DevOps Pipeline Pattern

# Pipeline needs to set secrets during deployment
az role assignment create \
  --role "Key Vault Secrets Officer" \
  --assignee <pipeline-service-principal> \
  --scope /subscriptions/{sub}/resourceGroups/my-rg/providers/Microsoft.KeyVault/vaults/my-vault

Migration from Access Policies to RBAC

Step-by-Step

  1. Audit current access policies:
az keyvault show --name my-vault --query "properties.accessPolicies"
  1. Map policies to RBAC roles:
Access Policy PermissionEquivalent RBAC Role
secrets: get, listKey Vault Secrets User
secrets: get, list, set, deleteKey Vault Secrets Officer
keys: allKey Vault Crypto Officer
certificates: allKey Vault Certificates Officer
  1. Create RBAC role assignments for each principal.

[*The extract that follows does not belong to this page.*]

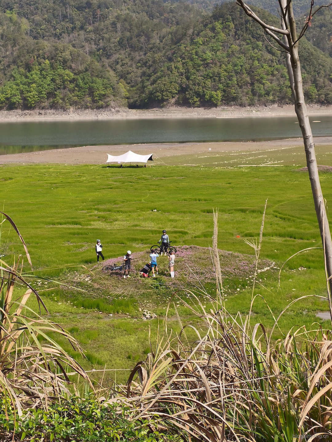 十点左右的天气开始热了起来,找了个地方停下来把长衣、长裤脱下来放到腰包里,涂上防晒继续前行。在更衣休息的绿道旁边,有一片沿湖的大草坪,一群骑行的人在草坪里开满鲜花的山包上拍照,感觉景色还蛮好看的。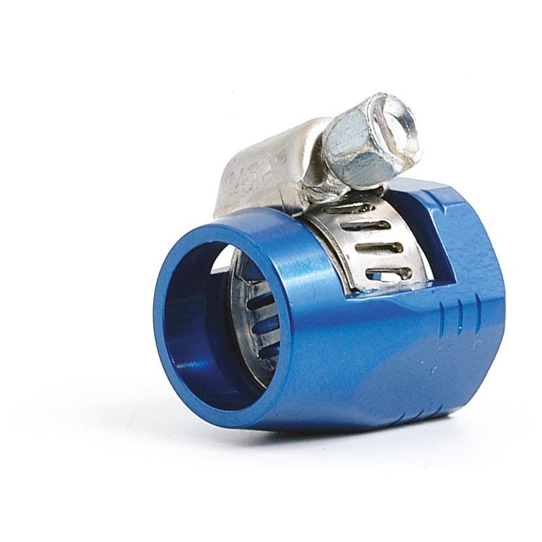 For cotton over braided or stainless steel covered Fuel Hoses 015.216 and 015.282. Slip over end of hose and tighten, the finisher hides both the clip and the end of the hose. For the red one refer to 091.600

  2. Enable RBAC authorization:

az keyvault update --name my-vault --enable-rbac-authorization true
  1. Verify access — test all applications and pipelines.

Terraform Example

resource "azurerm_key_vault" "main" {
  name                       = "my-vault"
  location                   = azurerm_resource_group.main.location
  resource_group_name        = azurerm_resource_group.main.name
  tenant_id                  = data.azurerm_client_config.current.tenant_id
  sku_name                   = "standard"
  enable_rbac_authorization  = true
  soft_delete_retention_days = 90
  purge_protection_enabled   = true
}

resource "azurerm_role_assignment" "app_secrets" {
  scope                = azurerm_key_vault.main.id
  role_definition_name = "Key Vault Secrets User"
  principal_id         = azurerm_linux_web_app.main.identity[0].principal_id
}

Best Practices

  1. Use Azure RBAC for all new vaults — it's the modern, recommended model.
  2. Apply least privilege — use Secrets User for apps, Secrets Officer for pipelines.
  3. Scope narrowly — assign roles at the vault level or individual secret level.
  4. Migrate existing vaults to RBAC during maintenance windows with pre-assigned roles.
  5. Enable Conditional Access for human users accessing sensitive vaults.
  6. Audit regularly with Azure Activity Log and Access Reviews.
  7. Separate vaults by environment (dev/staging/prod) with different RBAC assignments.

Summary

Azure RBAC is the recommended authorization model for Key Vault. It provides granular, auditable, and centrally managed access control. Migrate from access policies by mapping existing permissions to built-in roles, assigning them, then enabling RBAC authorization on the vault.